To: SMALL FRY who wrote (60505)9/10/1999 2:38:00 AM
From: puborectalis  Respond to of 120523
 
AGIL=B2B............

B2B, where are ye?

By Peter D. Henig
Redherring.com
September 10, 1999

"Fortune 1000 companies have just finished spending a
shitload of money on IT [information technology] and
are only now getting around to extending the
automation of the enterprise," says Brian Rutberg,
director of technology investment banking for Warburg
Dillon Read.

Mr. Rutberg's thesis, that large
corporations are basically still
slow and pudgy when it comes to
implementing cutting-edge
technology, helps answer a
fundamental question regarding
the tardiness of
business-to-business e-commerce
stocks: if the Web is so hot, why
are B2B stocks so late to initial
public offering?

You didn't see such lollygagging when it came to
business-to-consumer (B2C) companies searching for
investment bankers to take their money-losing,
market-share grabbing, top-line growing businesses
public.

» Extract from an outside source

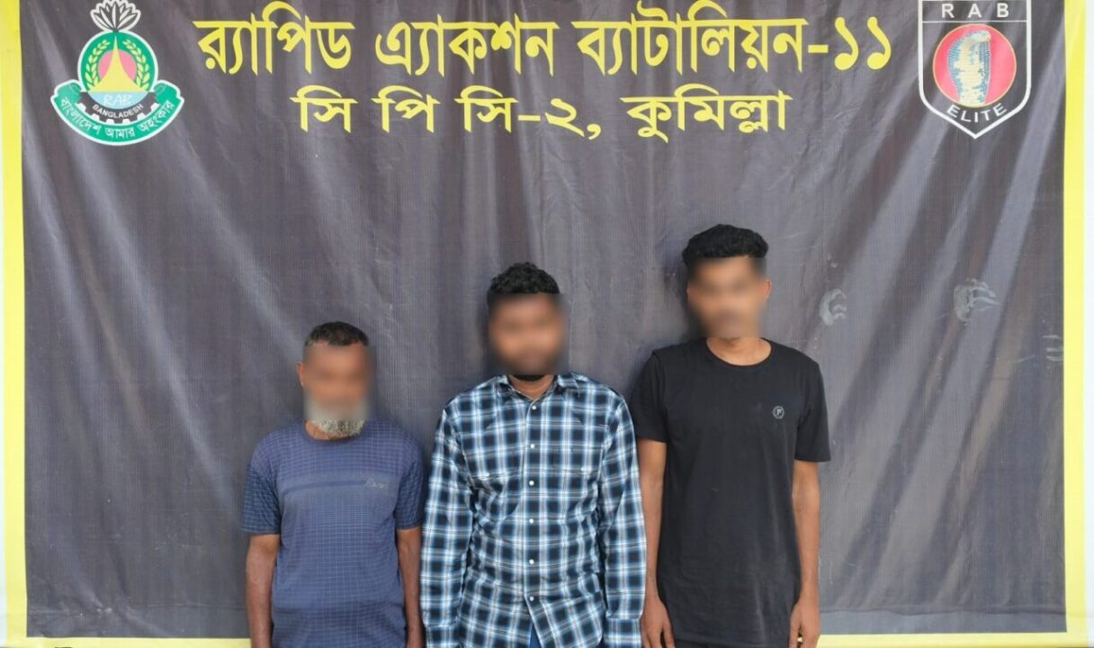 গ্রেফতারকৃতরা হলেন কোতোয়ালী মডেল থানার শারিফপুর গ্রামের মো. রশিদের ছেলে মো. আরিফ (২৮), ফেনী জেলার থানা সদর লালপুর গ্রামের মো. আনোয়ার হোসেনের ছেলে মো. রনি (২৮) এবং কোতোয়ালী মডেল থানার পাথুলিয়া গ্রামের মৃত কফিল উদ্দিনের ছেলে মো. ইমান হোসেন (৫৯)।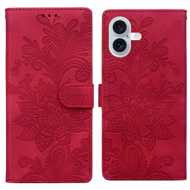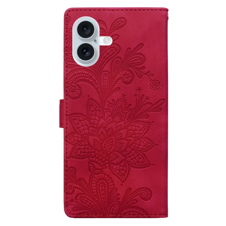 Funda de Cuero con Hebilla Magnética y Diseño Floral En Relieve para iPhone 16 (Rojo)

Even a dog stock like Theglobe.com (Nasdaq:
TGLO) floored it when it came to putting itself in the
IPO pipeline, as compared to the few, if any, pure
B2B plays that have ventured into public markets.
Ariba (Nasdaq: ARBA) and Commerce One
(Nasdaq: CMRC) have sallied forth on the B2B
infrastructure side, and Chemdex (Nasdaq: CMDX)
and VerticalNet (Nasdaq: VERT) have taken a whack
at Wall Street sponsorship as first movers in B2B pure
plays; but that's about it.

Yet, B2B could finally be poised
for a breakout.

As Stephen Sigmund, analyst with
Dain Rauscher Wessels, puts it,
"The aircraft carrier has just
turned and I think you're going to
see a whole wave of things
happen in the B2B space in the
last half of 1999 and first half of
2000."

NEW SCHOOL
"In B2C it's marketing 101, with black-and-white,
tried-and-true rules,"says Dana Serman, Internet
analyst with Lazard Frères. "But in companies like
VerticalNet and Chemdex, there are a thousand
lessons they need to learn about a thousand different
marketplaces."

Such is the distinction between B2B and B2C, sectors
that, although cousins by birth, represent "completely
different animals," says Mr. Rutberg.

The reasons for the delayed implementation of B2Bs
are varied. Besides the traditional argument that big
companies are fat and lazy, analysts say that worries
over Y2K compliance and potential exposure to
security gaps have contributed to B2B procrastination.
However, the main reason why B2B e-commerce has
yet to really explode has more to do with inexperience
and uncertainty with a new way of doing business than
with anything concrete.

Says Mr. Sigmund, "Corporate legacy systems and ...
inertia have held back mainstream businesses from
becoming Internet-enabled, while fragmented
industries have barely even figured out how to
centralize themselves offline, let alone online."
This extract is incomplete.